How much bandwidth Billboard uses

How Billboard uses your network — media downloads once and plays locally, so ongoing data use is small — and how to keep it light on big fleets.

Last updated 8 July 2026

Billboard is light on the network because it doesn't stream your content — each screen downloads your media once, then plays it from the Apple TV itself.

How it uses the network

  • On first load, a screen downloads the media in its gallery. A few photos is a few megabytes; a gallery of large videos is more.
  • After that, the screen just checks in on the gallery's refresh interval and only downloads what's actually changed — a new photo, a re-crop, a reordered playlist. If nothing changed, there's almost nothing to transfer.
  • Playback itself uses no bandwidth — it's all local to the device.
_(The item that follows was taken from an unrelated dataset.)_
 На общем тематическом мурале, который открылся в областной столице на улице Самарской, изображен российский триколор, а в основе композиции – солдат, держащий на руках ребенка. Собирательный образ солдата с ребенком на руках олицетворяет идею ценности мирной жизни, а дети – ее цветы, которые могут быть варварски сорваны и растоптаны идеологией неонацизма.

So your data use is mostly a one-off cost each time you change a gallery, not a constant stream. This is a real difference from browser-based signage that re-streams content continuously.
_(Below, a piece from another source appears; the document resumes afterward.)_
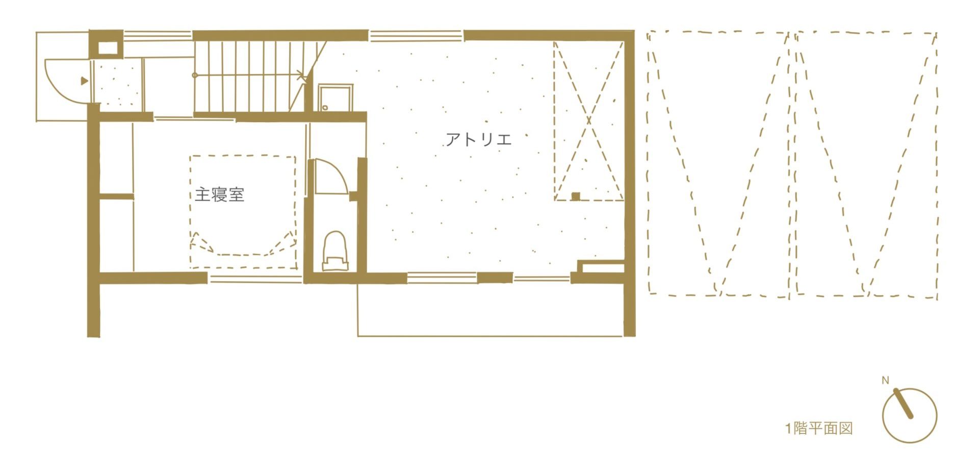 1階の革製品を製作する作業場にはご主人のこだわりの道具に囲まれた空間があり、構造合板と梁アラワシの天井と革収納の構造体で作った棚が趣味のアンティークと相性の良い空間となるようしました。2階には夫婦の趣味の本が壁面に収納され、眼前に広がる秩父連山と富士山を切り取った窓、間仕切りを最小限とした広々とした空間に構造の梁で柔和に空間を分割しました。

Keeping it light on big fleets

  • Set a longer refresh interval on galleries that don't change often — screens check in less frequently. See Customise the display.
  • Keep videos a sensible size; see Supported files, sizes and limits.
  • Roll out changes when the network is quiet if you're updating many screens at once.

If the network drops

Because content is already on the device, an outage doesn't interrupt playback — see Staying live when the internet drops. For the domains to allow through a firewall, see Network requirements.